## WORK REQUIRED
What you return must match the listing below exactly, minus any pictures.

## RAW DATA
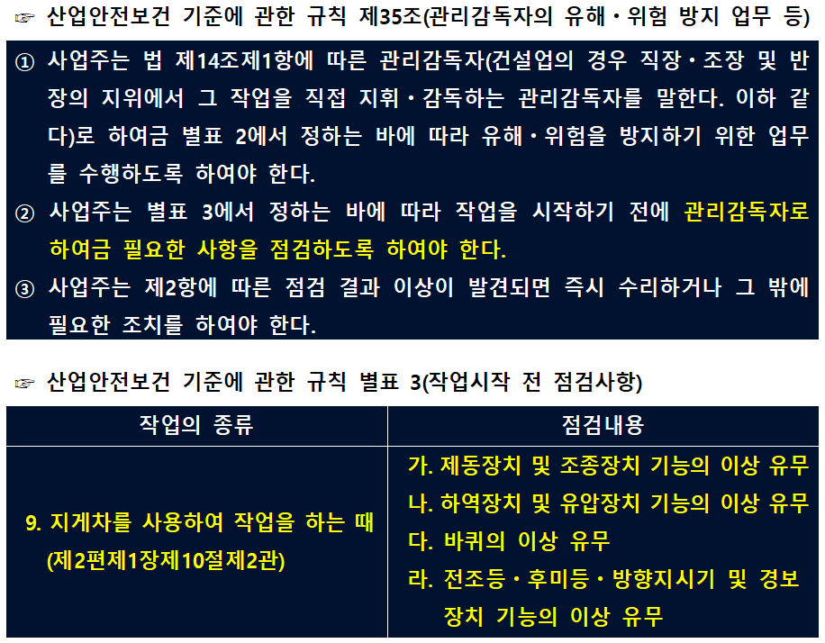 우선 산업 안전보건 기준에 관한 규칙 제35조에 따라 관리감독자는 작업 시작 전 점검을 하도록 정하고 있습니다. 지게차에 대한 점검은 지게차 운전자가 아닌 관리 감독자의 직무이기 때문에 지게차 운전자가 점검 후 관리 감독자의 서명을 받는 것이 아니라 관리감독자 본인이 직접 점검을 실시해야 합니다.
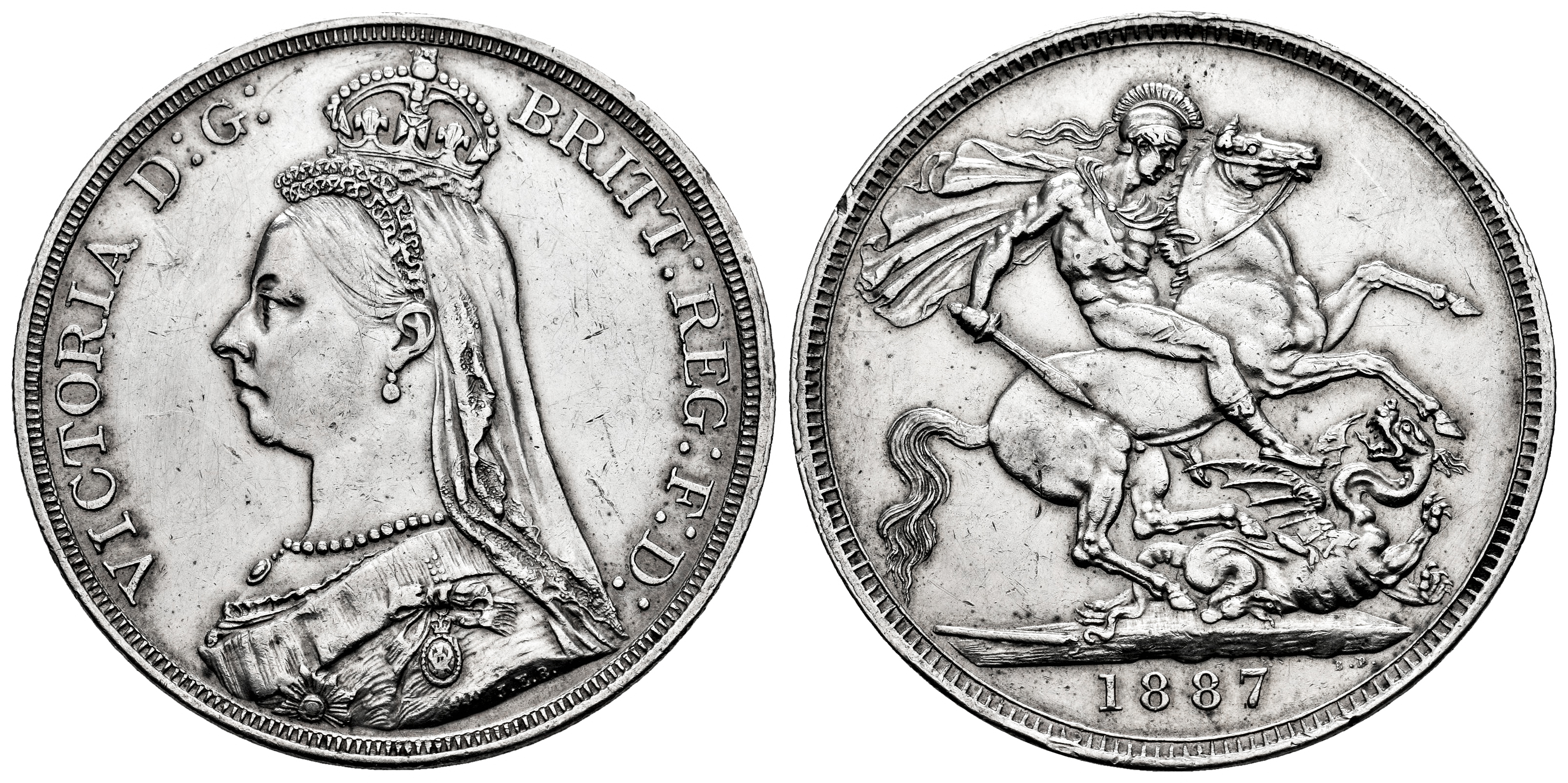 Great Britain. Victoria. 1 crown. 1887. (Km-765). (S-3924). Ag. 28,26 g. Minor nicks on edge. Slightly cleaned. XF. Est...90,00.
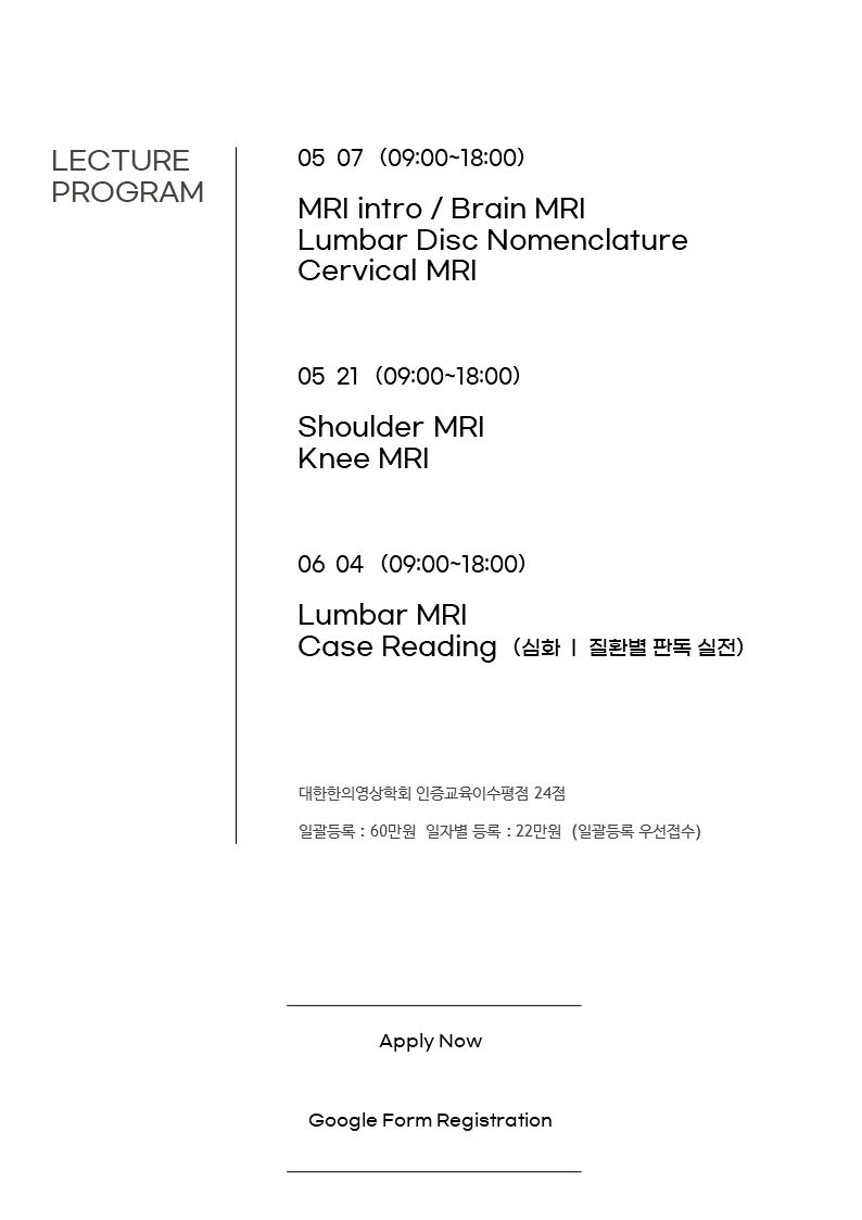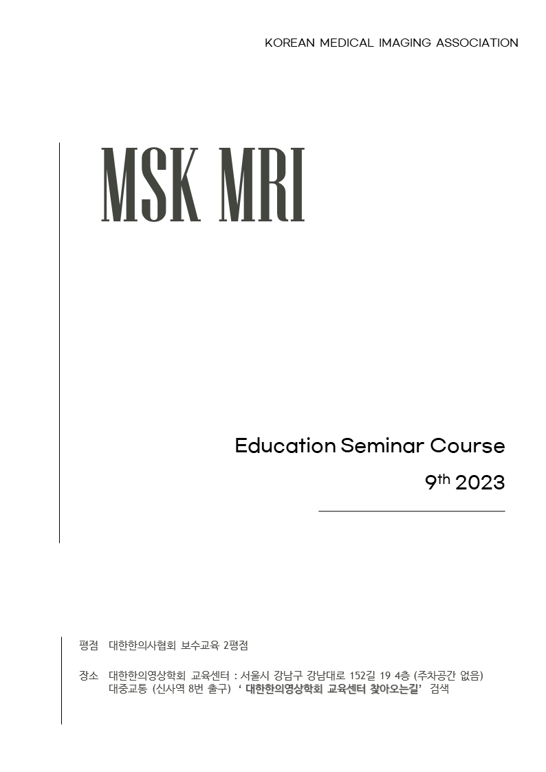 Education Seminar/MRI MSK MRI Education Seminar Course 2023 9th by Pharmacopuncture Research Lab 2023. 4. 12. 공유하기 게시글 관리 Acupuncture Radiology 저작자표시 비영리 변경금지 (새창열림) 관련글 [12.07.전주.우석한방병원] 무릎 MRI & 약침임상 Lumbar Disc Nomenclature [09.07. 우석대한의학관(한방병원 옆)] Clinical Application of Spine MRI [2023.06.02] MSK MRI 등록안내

## RESPONSE TO THIS TASK
 우선 산업 안전보건 기준에 관한 규칙 제35조에 따라 관리감독자는 작업 시작 전 점검을 하도록 정하고 있습니다. 지게차에 대한 점검은 지게차 운전자가 아닌 관리 감독자의 직무이기 때문에 지게차 운전자가 점검 후 관리 감독자의 서명을 받는 것이 아니라 관리감독자 본인이 직접 점검을 실시해야 합니다.
 Great Britain. Victoria. 1 crown. 1887. (Km-765). (S-3924). Ag. 28,26 g. Minor nicks on edge. Slightly cleaned. XF. Est...90,00.
 Education Seminar/MRI MSK MRI Education Seminar Course 2023 9th by Pharmacopuncture Research Lab 2023. 4. 12. 공유하기 게시글 관리 Acupuncture Radiology 저작자표시 비영리 변경금지 (새창열림) 관련글 [12.07.전주.우석한방병원] 무릎 MRI & 약침임상 Lumbar Disc Nomenclature [09.07. 우석대한의학관(한방병원 옆)] Clinical Application of Spine MRI [2023.06.02] MSK MRI 등록안내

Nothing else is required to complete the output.